(TASK STATEMENT)
Below are the records; give again exactly the lines from the one containing "We present a" through the one containing "メディア業界では「電通」「サイバーエージェント」「WOWOW」が上位だった。", leaving out pictures.
RECORDED DATA START
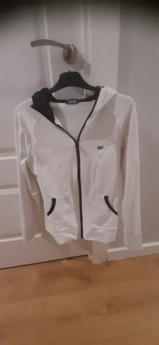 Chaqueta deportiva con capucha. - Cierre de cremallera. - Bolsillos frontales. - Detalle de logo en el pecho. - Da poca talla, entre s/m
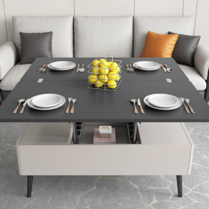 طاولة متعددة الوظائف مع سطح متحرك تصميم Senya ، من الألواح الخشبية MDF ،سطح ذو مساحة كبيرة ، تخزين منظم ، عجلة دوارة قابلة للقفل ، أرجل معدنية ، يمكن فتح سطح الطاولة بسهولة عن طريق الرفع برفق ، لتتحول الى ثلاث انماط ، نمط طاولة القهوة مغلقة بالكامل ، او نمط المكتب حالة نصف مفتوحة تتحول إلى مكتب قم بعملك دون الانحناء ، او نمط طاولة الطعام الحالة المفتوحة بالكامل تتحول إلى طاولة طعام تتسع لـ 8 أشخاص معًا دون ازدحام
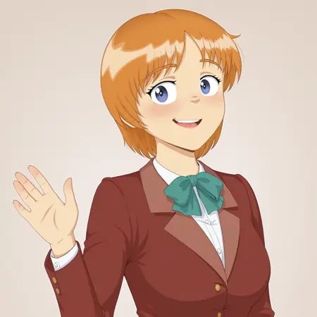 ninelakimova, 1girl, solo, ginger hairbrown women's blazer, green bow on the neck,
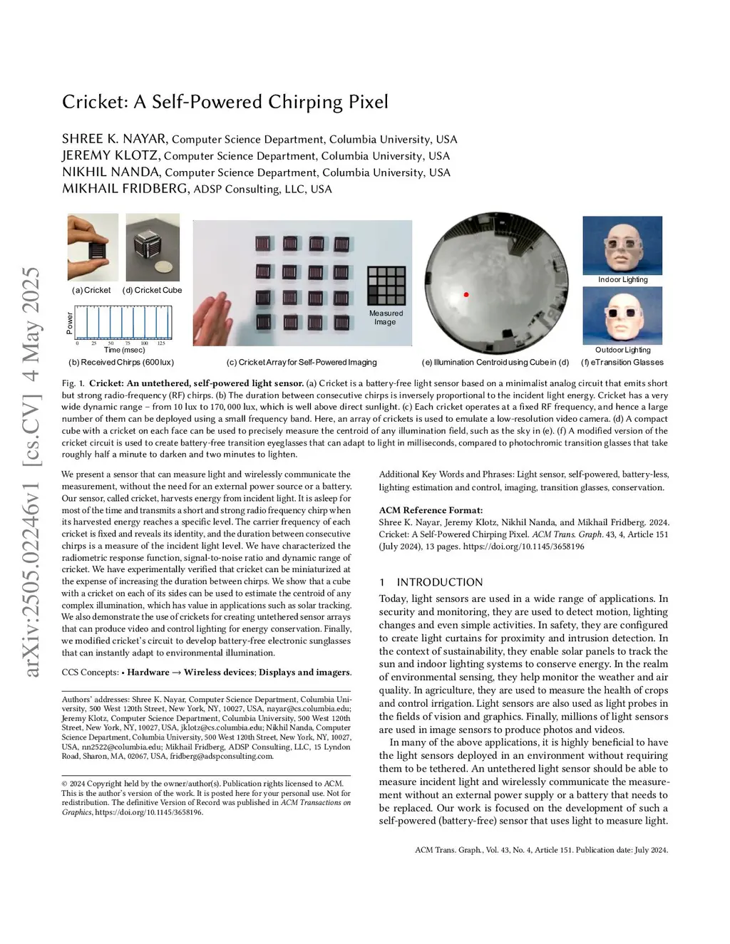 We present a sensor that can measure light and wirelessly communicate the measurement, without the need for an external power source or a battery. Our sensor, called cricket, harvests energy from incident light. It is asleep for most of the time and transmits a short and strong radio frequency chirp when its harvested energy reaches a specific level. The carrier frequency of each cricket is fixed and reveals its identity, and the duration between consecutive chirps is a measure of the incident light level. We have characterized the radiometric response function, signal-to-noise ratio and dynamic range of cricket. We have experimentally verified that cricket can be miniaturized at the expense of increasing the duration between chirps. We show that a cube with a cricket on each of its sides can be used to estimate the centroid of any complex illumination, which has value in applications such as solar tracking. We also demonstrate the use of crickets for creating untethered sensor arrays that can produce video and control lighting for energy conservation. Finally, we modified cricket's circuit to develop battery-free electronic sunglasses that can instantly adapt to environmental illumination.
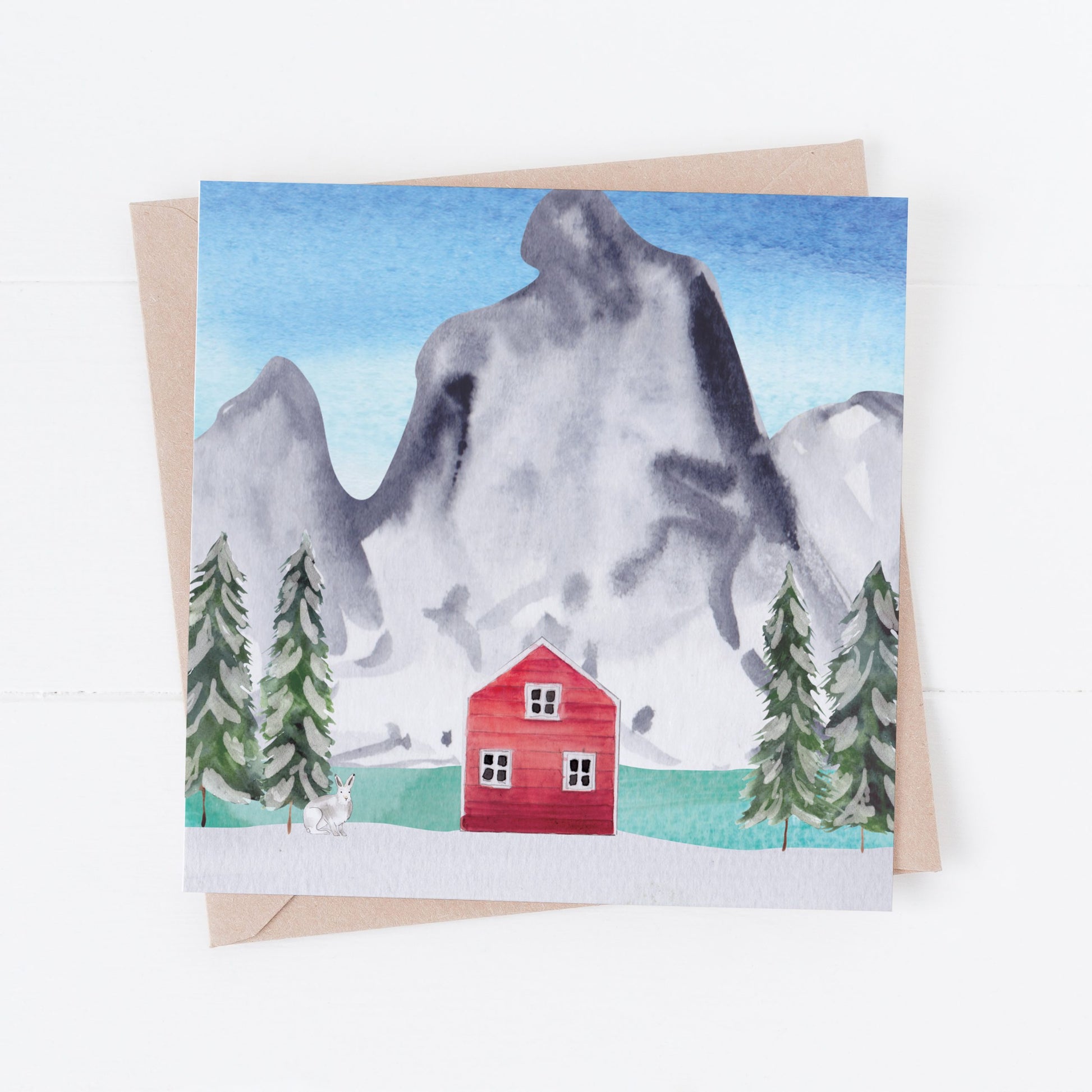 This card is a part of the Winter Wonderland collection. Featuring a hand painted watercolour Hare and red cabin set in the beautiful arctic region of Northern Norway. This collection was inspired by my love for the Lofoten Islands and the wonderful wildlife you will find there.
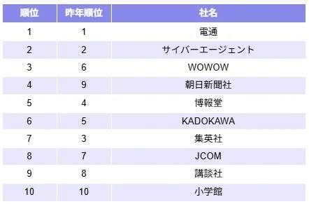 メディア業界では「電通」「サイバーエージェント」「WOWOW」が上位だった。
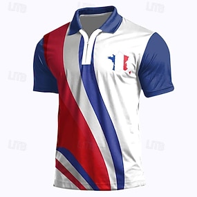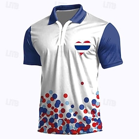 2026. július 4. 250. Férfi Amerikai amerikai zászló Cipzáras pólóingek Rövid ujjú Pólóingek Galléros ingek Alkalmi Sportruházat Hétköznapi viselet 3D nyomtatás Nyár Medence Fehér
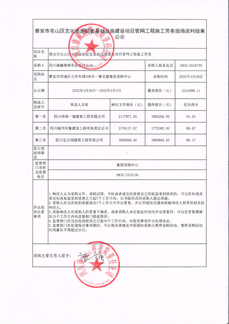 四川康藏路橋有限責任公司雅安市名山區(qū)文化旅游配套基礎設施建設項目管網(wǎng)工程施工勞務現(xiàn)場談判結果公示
RECORDED DATA END
(WRITTEN SOLUTION)
 We present a sensor that can measure light and wirelessly communicate the measurement, without the need for an external power source or a battery. Our sensor, called cricket, harvests energy from incident light. It is asleep for most of the time and transmits a short and strong radio frequency chirp when its harvested energy reaches a specific level. The carrier frequency of each cricket is fixed and reveals its identity, and the duration between consecutive chirps is a measure of the incident light level. We have characterized the radiometric response function, signal-to-noise ratio and dynamic range of cricket. We have experimentally verified that cricket can be miniaturized at the expense of increasing the duration between chirps. We show that a cube with a cricket on each of its sides can be used to estimate the centroid of any complex illumination, which has value in applications such as solar tracking. We also demonstrate the use of crickets for creating untethered sensor arrays that can produce video and control lighting for energy conservation. Finally, we modified cricket's circuit to develop battery-free electronic sunglasses that can instantly adapt to environmental illumination.
 This card is a part of the Winter Wonderland collection. Featuring a hand painted watercolour Hare and red cabin set in the beautiful arctic region of Northern Norway. This collection was inspired by my love for the Lofoten Islands and the wonderful wildlife you will find there.
 メディア業界では「電通」「サイバーエージェント」「WOWOW」が上位だった。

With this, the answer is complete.